Incremental anomaly detection aims to sequentially identify defects in industrial product lines but suffers from catastrophic forgetting, primarily due to knowledge overwriting during parameter updates and feature conflicts between tasks. In this work, We propose ONER (ONline Experience Replay), an end-to-end framework that addresses these issues by synergistically integrating two types of experience: (1) decomposed prompts, which dynamically generate image-conditioned prompts from reusable modules to retain prior knowledge thus prevent knowledge overwriting, and (2) semantic prototypes, which enforce separability in latent feature spaces at pixel and image levels to mitigate cross-task feature conflicts.
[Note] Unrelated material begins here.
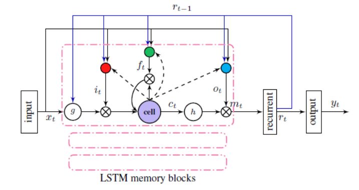 深度循环神经网络-隐马尔科夫模型(RNN-HMM):如上所述,单纯用深层神经网络没有历史信息来辅助当前任务,所以提出RNN-HMM模型。RNN增加了时间的反馈,能够有效的利用时间的历史信息,将历史信息持久化,在很多任务上性能表现优于DNN,尤其是针对语音,因为语音具有很强的时序概念。但RNN随层数的增加会出现梯度爆炸或梯度消失,难以训练。也有人将长短时记忆模型LSTM融入RNN,LSTM采用一些控制门(输入门、遗忘门和输出门)来减少梯度累计的长度,一定程度上解决了RNN训练时的梯度消失和扩散的问题。RNN是迄今为止语音识别最好的模型之一,它的变体LSTM和BLSTM的性能都是相对最好的。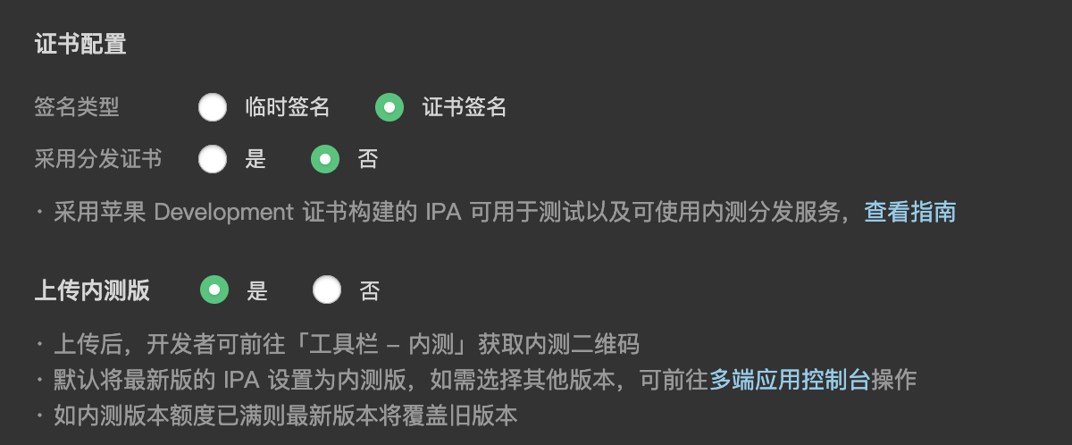 2、构建 IPA 时需选择「证书签名」,且证书不能是「分发证书」,详情可查看生成内测分发的 iOS 证书和 Provisioning Profile

Extensive experiments demonstrate the superiority of ONER, achieving state-of-the-art performance with +4.4% Pixel AUROC and +28.3% Pixel AUPR improvements on the MVTec AD dataset over prior methods. Remarkably, ONER achieves this with only 0.019M parameters and 5 training epochs per task, confirming its efficiency and stability for real-world industrial deployment.

Paper Structure

This paper contains 18 sections, 2 equations, 3 figures, 4 tables, 1 algorithm.

Figures (3)

  • Figure 1: Comparison between a typical incremental AD method and ours: (a) Typical methods train task-specific prompts and require task identification during inference. (b) We employ an end-to-end prompt for both training and inference, bypassing the need for task identification. This avoids staged processing, minimizes cumulative errors, and enables seamless adaptation to new tasks while preserving prior knowledge by leveraging past experience effectively.
  • Figure 2: This diagram illustrates the structure of ONER. Specifically, ONER incorporates two types of experience: decomposed prompts and semantic prototypes. Decomposed prompts, formed from learnable components, reuse previous knowledge to help the model learn new tasks. Semantic prototypes provide regularization at both pixel and image levels, preventing forgetting across tasks. The diagram shows the training process for step $t$, where both the decomposed prompts and semantic prototypes are updated after training.
  • Figure 3: Qualitative evaluation on the MVTec AD dataset after training on the last subset. Experiments demonstrate our method's superior stability and knowledge retention over sample-replay (DRAEM-Replay, BGAD-Replay) and staged approaches (DRAEM-CLS, BGAD-CLS).